2. Supply Forecasting

By applying machine learning to point-of-sale, firm orders, and macroeconomic datasets, businesses predict market dynamics 6-24 months out, enabling smarter supplier contracts.

3. Dynamic Inventory Optimization

SCA informs ideal stocking levels, placement, and policies minimizing total landed cost using advanced algorithms to incorporate risks.

4. Intelligent Order Promising

Analytics assigns customized cycle times for high-value orders dynamically factoring in priority, likelihood of delays, and customer history to set accurate delivery expectations.

5. Proactive Risk Management

Businesses track leading indicators, model disruption likelihoods in real-time, and prescribe mitigations leveraging weather data, transport visibility, and news analytics.

The Department of Defense cut $3 billion in logistics costs implementing predictive threat analytics and AI across fuel, munitions, medical, and maintenance supply chains.

Overcoming Key Challenges with Supply Chain Analytics

While impactful, scaling analytics faces common barriers like:

Data Quality Issues – With supply chain data dispersed across disconnected systems, ensuring integrity and governance remains challenging. MDM and Golden Records help.

Legacy Technology Constraints – On-premise solutions often lack the advanced computational capabilities required for optimization algorithms and machine learning relative to cloud-based apps.

Lack of Skills – From data engineers supporting data flows to data scientists building predictive models, talent shortages hinder progress. Partnering with external experts can help fill gaps.

Culture Resistance – Instilling an analytics culture requires executive leadership, training, and new incentives rewarding evidence-based decisions over intuition.
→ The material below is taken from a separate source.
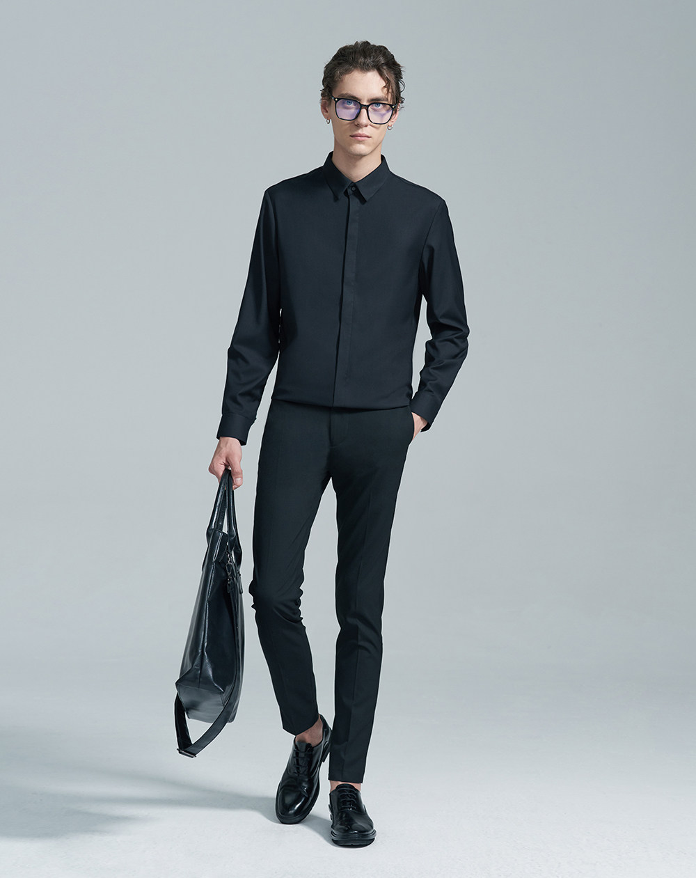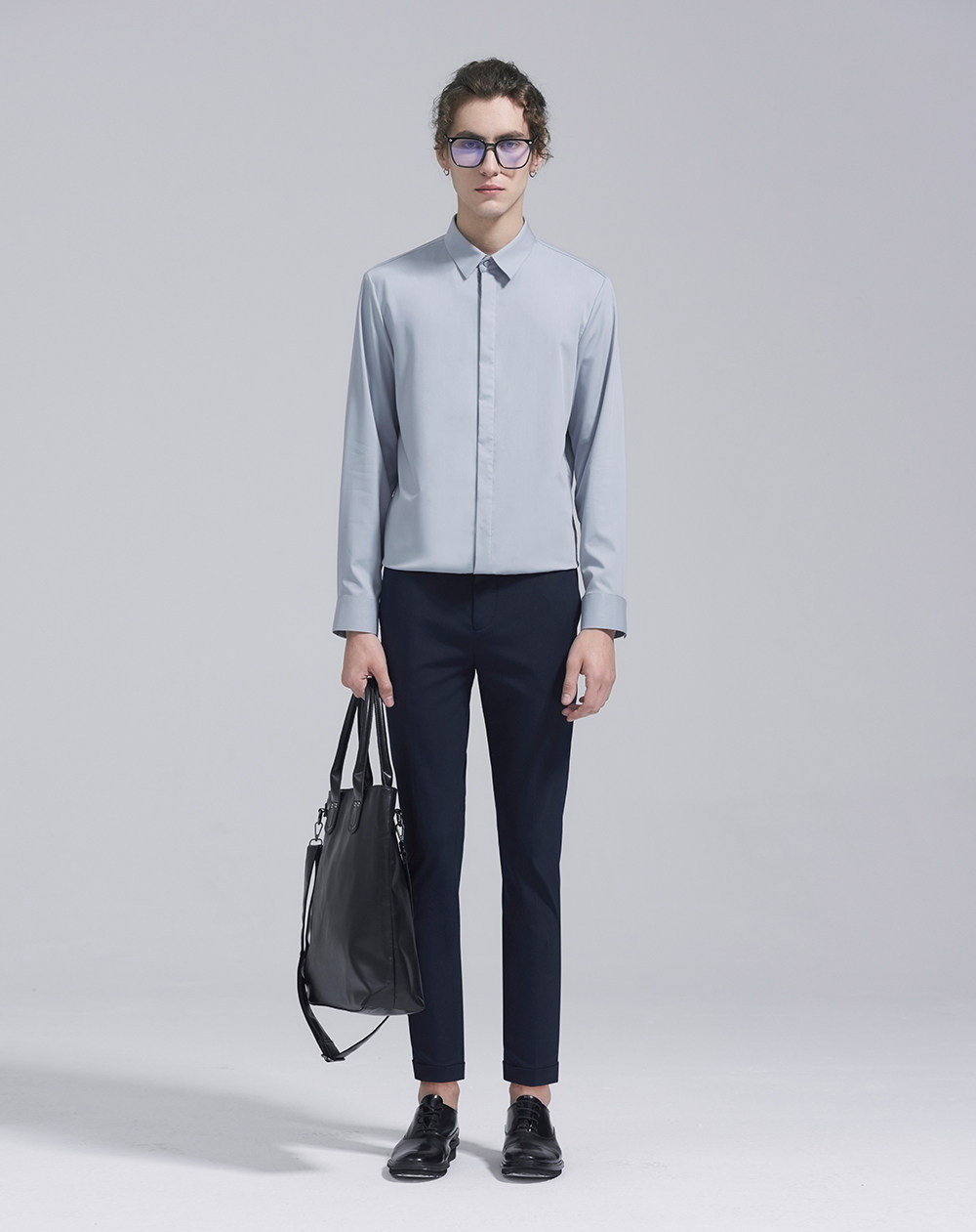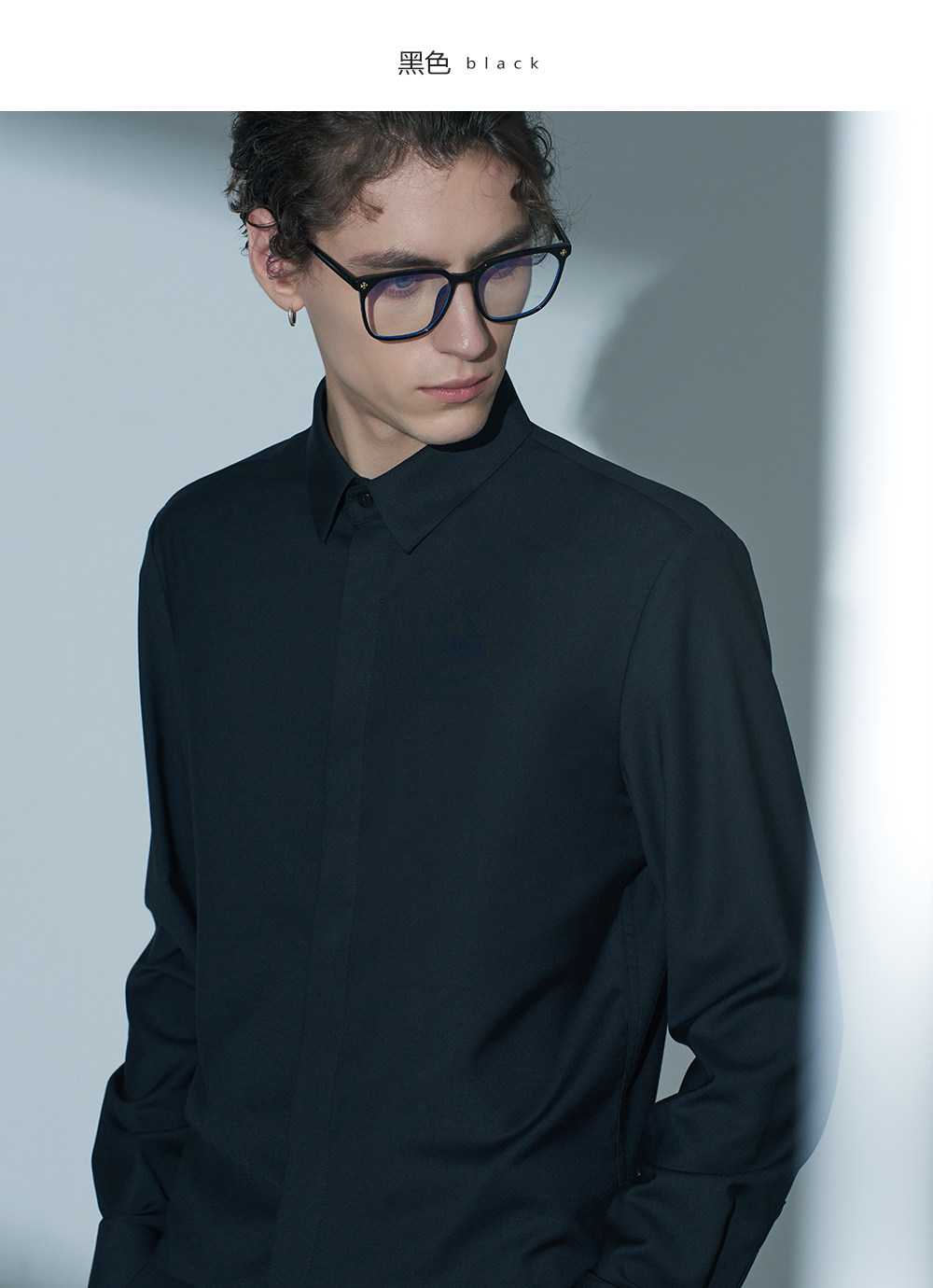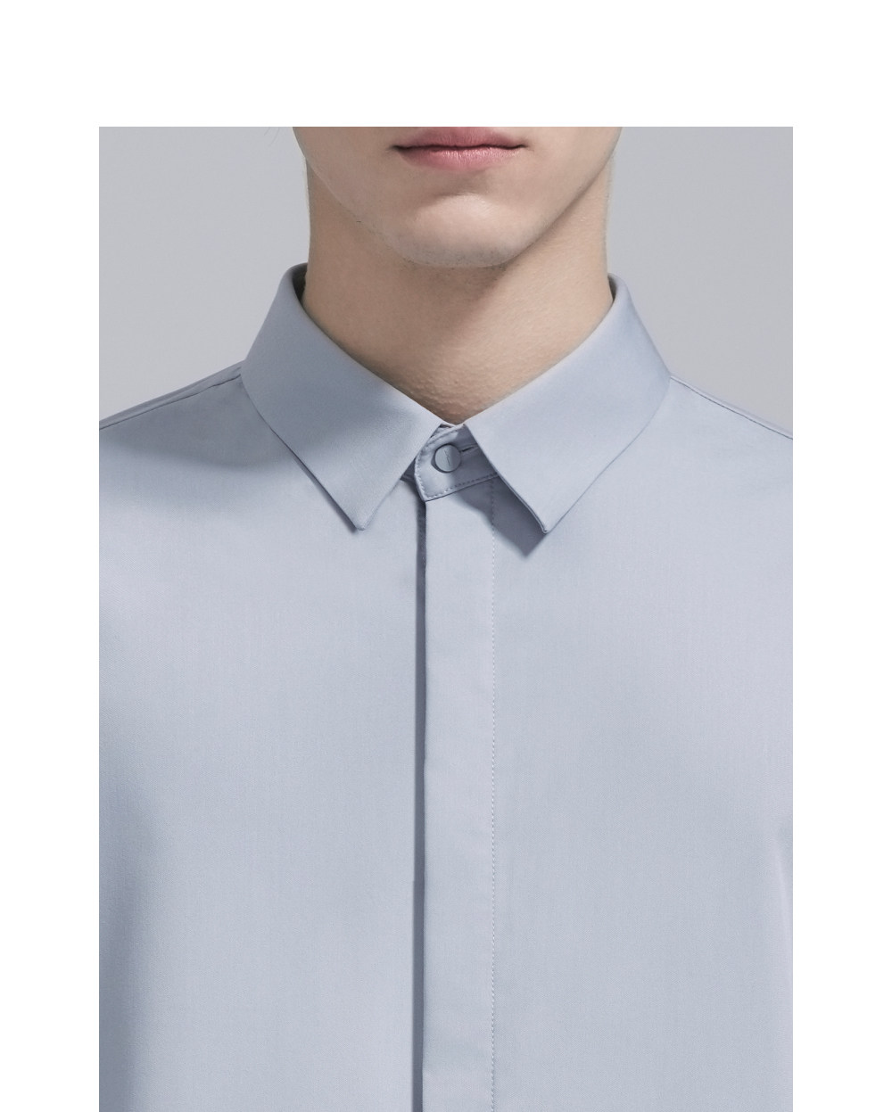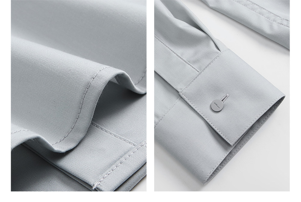 HIM漢崇 经典修身商务正装黑白蓝多色暗门襟方领长袖衬衣2026春夏

Evolving Analytics – With new data sources like IoT and satellite imagery emerging, supply chain analytics demands flexibility to incorporate new signals and ask new questions.

While adopters must overcome these barriers, the long-term benefits for those harnessing analytics continue growing as algorithms and data get smarter over time.

Helpful Resources to Boost Supply Chain Analytics Expertise

Here are great educational sources on supply chain analytics and data science for those looking to expand skills:

Blogs & Websites

  • Logistics Viewpoints by Oracle
  • Supplychain247 by SCDigest
  • Lora Cecere (Supply Chain Insights)
  • Mike Gilliland (Practical Analytics)

Online Learning Platforms

  • Coursera SCM Modeling courses
  • edX MicroMasters Programs
  • LinkedIn Learning video tutorials

Associations & Communities

  • Institute for Operations Research and Management Science
  • Council of Supply Chain Management Professionals
  • INFORMS Analytics Society

Podcasts

  • Supply Chain Now on Risk & Resilience
  • Supply Chain Leaders on Technology & Innovation

Books

  • “Business Forecasting” by Michael Gilliland et al
  • “Supply Chain Analytics” by Steven Melnyk
  • “Logistics Clusters” by Yossi Sheffi

For supply chain teams seeking to optimize complex global operations, boost resilience, and improve the customer experience, advanced analytics continues proving essential. This guide summarized key types of techniques, real-world benefits, implementation challenges, and educational resources to help begin or accelerate your analytics journey.